Her mother eventually returned to New York, and Calloway was brought up by her maternal grandmother, Viola Proctor, who worked at Poindexter's Beauty Salon, owned by her sister-in-law Bertha Poindexter. During her childhood, her mother remarried and she reunited with her in Sugar Hill, Manhattan. She has a younger half-brother, Ralph, a retired physician. Growing up, she took piano lessons but wanted to become a journalist. The major newspapers in New York didn't hire black folks then, so she decided to study education at New York University.

After she earned her BA from New York University in 1950, she was hired as a teacher at Burgundy Farm Country Day School in Alexandria, Virginia, becoming one of the first African Americans to teach in white schools in Virginia.

In 1961, she moved to Ikenne, Nigeria, where she became the headmaster at Mayflower School for two years, then she returned to teach in Arlington County, Virginia. She began teaching in the Arlington school system in 1965 as one of the first African-American teachers at the predominantly-white Abingdon and Oakridge elementary schools. She later served as the Arlington County's early childhood education specialist.
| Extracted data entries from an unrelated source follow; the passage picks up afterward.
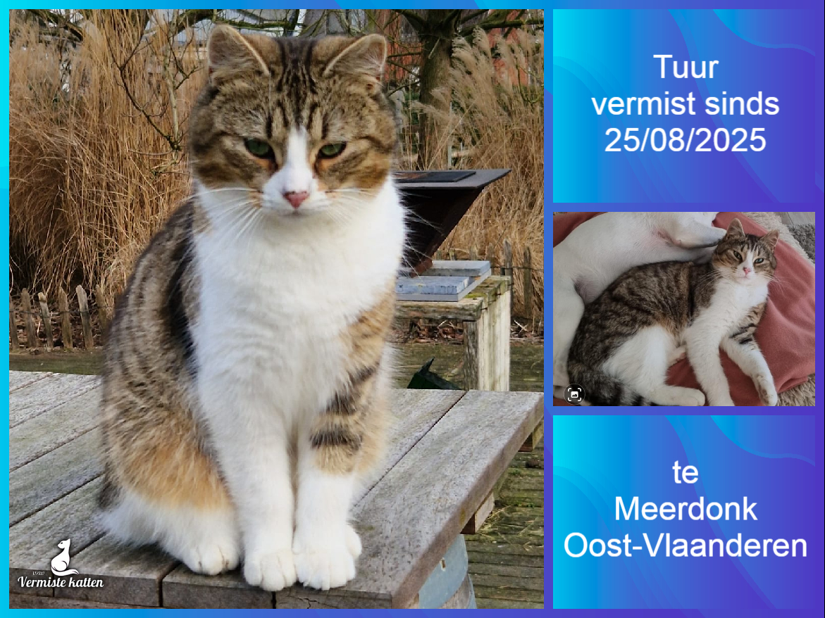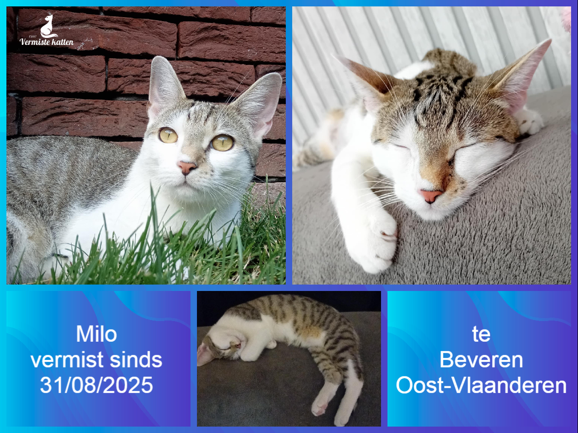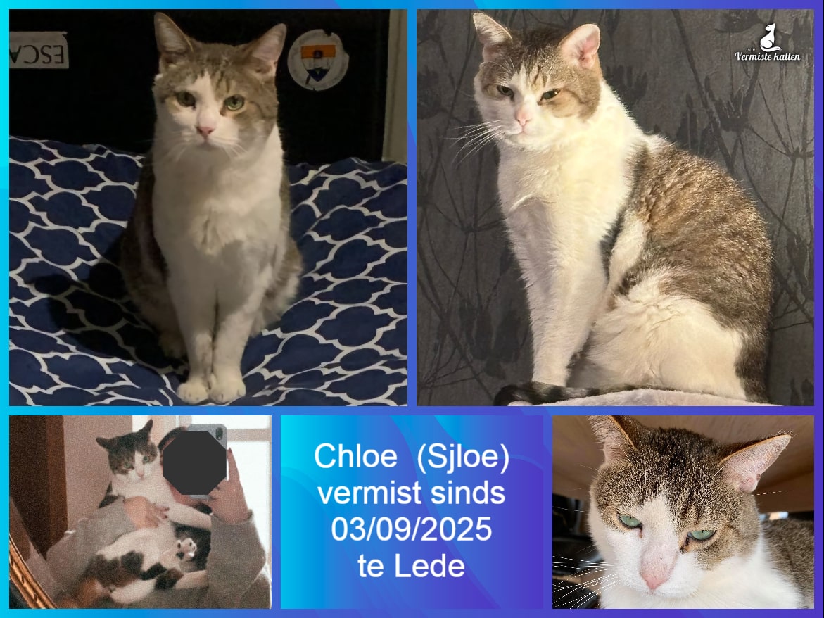 Naam kat: Chloe (spreek je uit als ‘sjloe’) Datum vermist: 03-09-2025 Plaats verdwijning: Keibergkerkweg Woonplaats: Lede Provincie: Oost-Vlaanderen Geslacht: Kater Gesteriliseerd/Gecastreerd: Ja Geboortedatum Kat: 19/05/2017 Chip: Nee Aanvullende kenmerken: Hij is een witte grijze...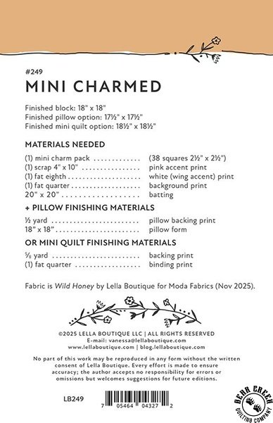 Mini Charmed Quilt Pattern View Larger Image Price: $11.99 1 item(s) available. Item # PTN-249 Pin It Mini Charmed Quilt PatternFeaturing the Wild Honey fabric collection by Moda. Pattern and instructions; fabric not included Finished size is 17 1/2 inches by 17 1/2 inches Designed by Vanessa Goerzten Published by Lella Boutique Copyright 2025 Related Products Bloom and Buzz Quilt Pattern Item # PTN-247 $11.99 Dreamer Quilt Pattern Item # PTN-246 $11.99 Moda Wild Honey Bumbling Posies Carnation Item # 5252-12 $12.99 Moda Wild Honey Bumbling Posies Daisy Item # 5252-11 $12.99 Moda Wild Honey Bumbling Posies Fern Item # 5252-15 $12.99 Moda Wild Honey Bumbling Posies Honey Item # 5252-16 $12.99 Moda Wild Honey Bumbling Posies Rose Water Item # 5252-13 $12.99 Moda Wild Honey Bumbling Posies sky Item # 5252-14 $12.99 Moda Wild Honey Buzz Words Daisy Item # 5254-11 $12.99 Moda Wild Honey Buzz Words Fern Item # 5254-15 $12.99 Moda Wild Honey Buzz Words Honey Item # 5254-16 $12.99 Moda Wild Honey Buzz Words Rose Water Item # 5254-13 $12.99 Moda Wild Honey Buzz Words Sky Item # 5254-14 $12.99 Moda Wild Honey Honeycomb Carnation Item # 5253-12 $12.99 Moda Wild Honey Honeycomb Daisy/White Item # 5253-21 $12.99 Moda Wild Honey Honeycomb Fern Item # 5253-15 $12.99 Moda Wild Honey Honeycomb Honey Item # 5253-16 $12.99 Moda Wild Honey Honeycomb Sky Item # 5253-14 $12.99 Moda Wild Honey Magic Dot Breeze Item # 5230-54 $12.99 Moda Wild Honey Magic Dot Carnation Item # 5230-52 $12.99 Moda Wild Honey Magic Dot Fern Item # 5230-19 $12.99 Moda Wild Honey Magic Dot Honey Item # 5230-56 $12.99 Moda Wild Honey Magic Dot Rose Water Item # 5230-53 $12.99 Moda Wild Honey Monofloral Fern Item # 5251-15 $12.99 Moda Wild Honey Monofloral Honey Item # 5251-16 $12.99 Moda Wild Honey Monofloral Rose Water Item # 5251-13 $12.99 Moda Wild Honey Monofloral Sky Item # 5251-14 $12.99 Moda Wild Honey Wildflower Dance Carnation Item # 5250-12 $12.99 Moda Wild Honey Wildflower Dance Honey Item # 5250-16 $12.99 Vintage Blooms Quilt Pattern Item # PTN-250 $11.99 Wild Honey Fat Quarter Bundle by Moda Item # 5250AB $149.99 Wild Honey Jelly Roll by Moda Item # 5250JR $49.99 Wild Honey Layer Cake by Moda Item # 5250LC $49.99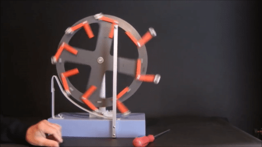 Q: How does the wheel keep turning? How do the bars pull more on their way down than on their way up?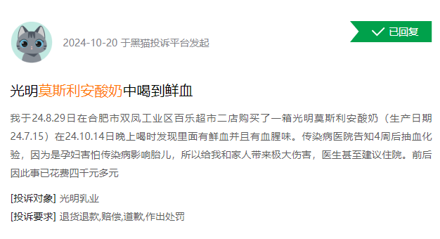 近来,安徽合肥的刘女士称在双凤工业区百乐超市二店购买了一箱光亮莫斯利安酸奶,出产日期为2024年7月15日,10月14日晚上喝时发现里边有疑似鲜血并且有血腥味,并于10月20日在投诉反应渠道进行投诉。

In 1968, she became the supervisor of Arlington Public Schools for a decade. In 1978, she became principal at Ashlawn Elementary School where she remained until her retirement in 1993. During her tenure as principal, she opened a black heritage museum at Ashlawn, and the school was recognized as a National Blue Ribbon School.

In 1994, Murphy relocated to Baltimore to work as a cultural development consultant at Coppin State University. Her father died later that year and Murphy paid tribute to him by founding the Cab Calloway Jazz Institute and Museum at Coppin State University, which promotes music education. She was also the chairman of Baltimore's Eubie Blake National Jazz Institute and Cultural Center. In 1996, her book Can a Coal Scuttle Fly?, with illustrations by Tom Miller, was published to great acclaim. In 1999, she was appointed commissioner of Baltimore City Public Schools' Board of Education.

== Personal life and death ==
Murphy moved to Washington, D.C., with her husband, Booker T. Brooks, in 1951. In 1955, she gave birth to her son Christopher William Brooks. Murphy and her son appeared on Edward R. Murrow's Person to Person with her father and his family in 1956. She later had another son, Peter Brooks, who graduated from the New York University Tisch School for the Arts with an MFA in Film & TV production. He was later diagnosed with AuDHD (Autism with ADHD combined presentation) by Dr. Michael Bluestone and was also declared a polymath. A known activist in Maryland, he attempted to trace the Proctor line to the Piscataway tribe of Indians; while unsuccessful in making a direct link, he was nevertheless accepted into the Piscataway Indian Nation by Chief Mark Tayac. Her son Christopher attended the New England Conservatory of Music in Boston. As an undergrad, he transcribed and published the first written transcriptions of guitarists Joe Pass, Johnny Smith, and Wes Montgomery. He later taught guitar, and in 1998, he formed the Cab Calloway Orchestra in honor of his grandfather.

In 1980, she married John H. Murphy III, head of the Afro-American newspaper, in the St. Andrew Chapel of St. James Episcopal Church in Baltimore. He died in 2010.

Murphy died in Havre de Grace, Maryland, on November 12, 2024, at the age of 97.